Let's get professional. It's a good time now to add type hints and do some cleanup. Let's start with the tensor class.

from __future__ import annotations
import numpy as np


class Tensor:
    def __init__(self, data):
        self.data:np.ndarray = Tensor._data_to_numpy(data)
        self.grad:Tensor = None
        self._ctx:Function = None
    
    @staticmethod
    def _data_to_numpy(data):
        if isinstance(data,(int,float)):
            return np.array([data])
        if isinstance(data,(list,tuple)):
            return np.array(data)
        if isinstance(data,np.ndarray):
            return data
        if isinstance(data,Tensor):
            return data.data.copy()  
        raise ValueError("Invalid value passed to tensor")
    
    @staticmethod
    def _ensure_tensor(data):
        if isinstance(data,Tensor):
            return data
        return Tensor(data)

Import annotations so type definitions won't be a problem with old Python versions. And add a new _data_to_numpy method so people can pass any input like Tensor(2), Tensor([1,2]), or Tensor(np.arange(10)) as we will get consistent data underneath. also new ensure_tensor a simple methoed that well ensure is data tensor.

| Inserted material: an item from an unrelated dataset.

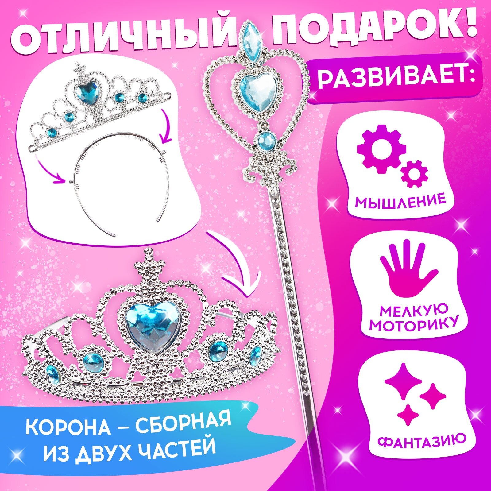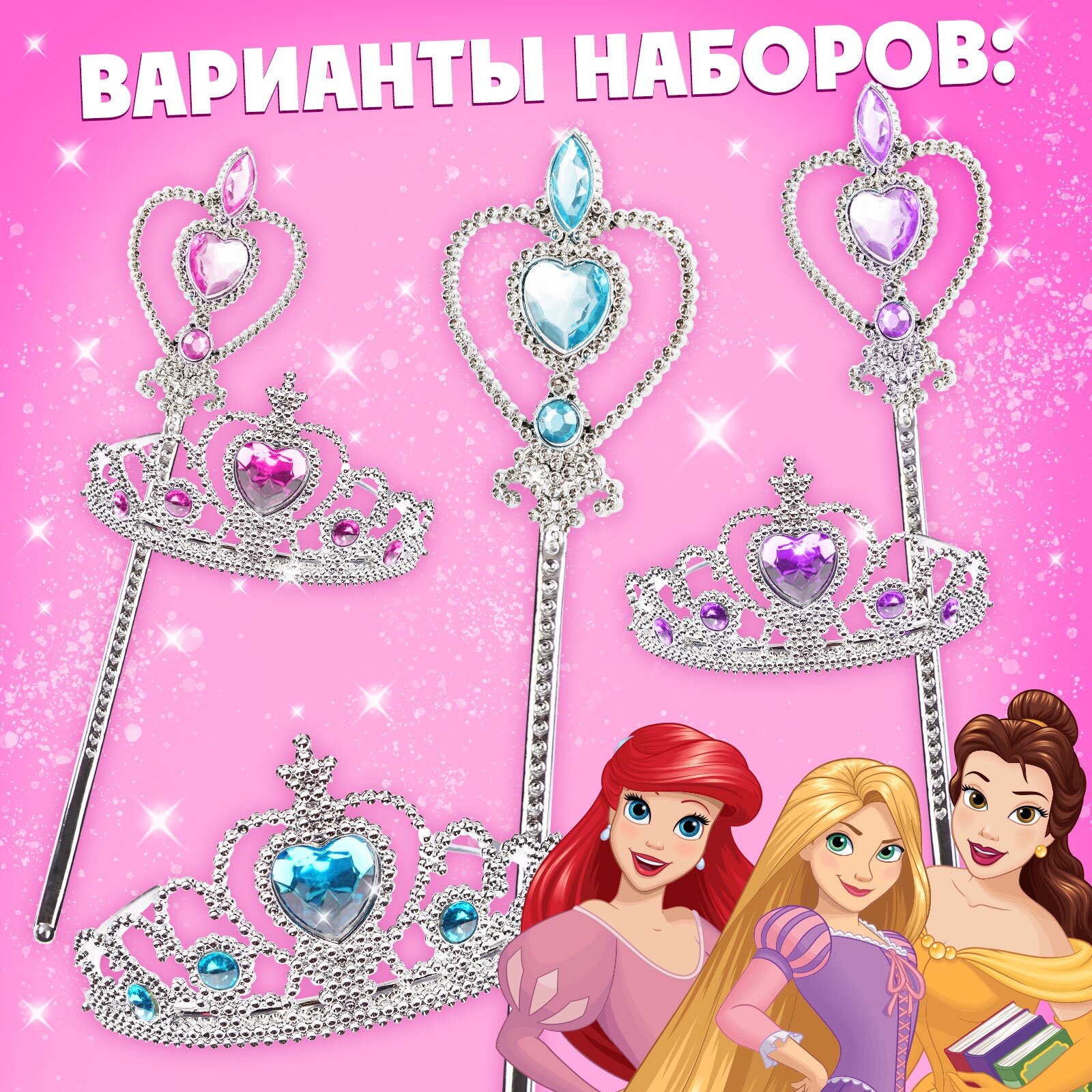 Набор украшений Disney "Самая красивая", голубой/розовый/фиолетовый, на блистере интересное:

    def __add__(self, other):
        fn = Function(Add, self, other)
        result = Add.forward(self, other)
        result._ctx = fn
        return result

this is pretty ugly lets make it clean by modifying funtion class.

class Function:
    def __init__(self, op, *args):
        self.op:Function = op
        self.args:list[Tensor] = args
        
    @classmethod
    def apply(cls,*args):
        ctx = Function(cls,*args)
        result = cls.forward(*args)
        result._ctx = ctx
        return result
    
    @staticmethod
    def forward(self,*args):
        raise NotImplementedError
    
    @staticmethod
    def backward(self,*args):
        raise NotImplementedError

Apply is a class method that essentially does what we do in __add__ and __mul__. The idea is that all functions will inherit from the Function class with static methods. Then they will just do Add.apply(). Also, the forward and backward methods indicate that you must implement them. plus some type defs.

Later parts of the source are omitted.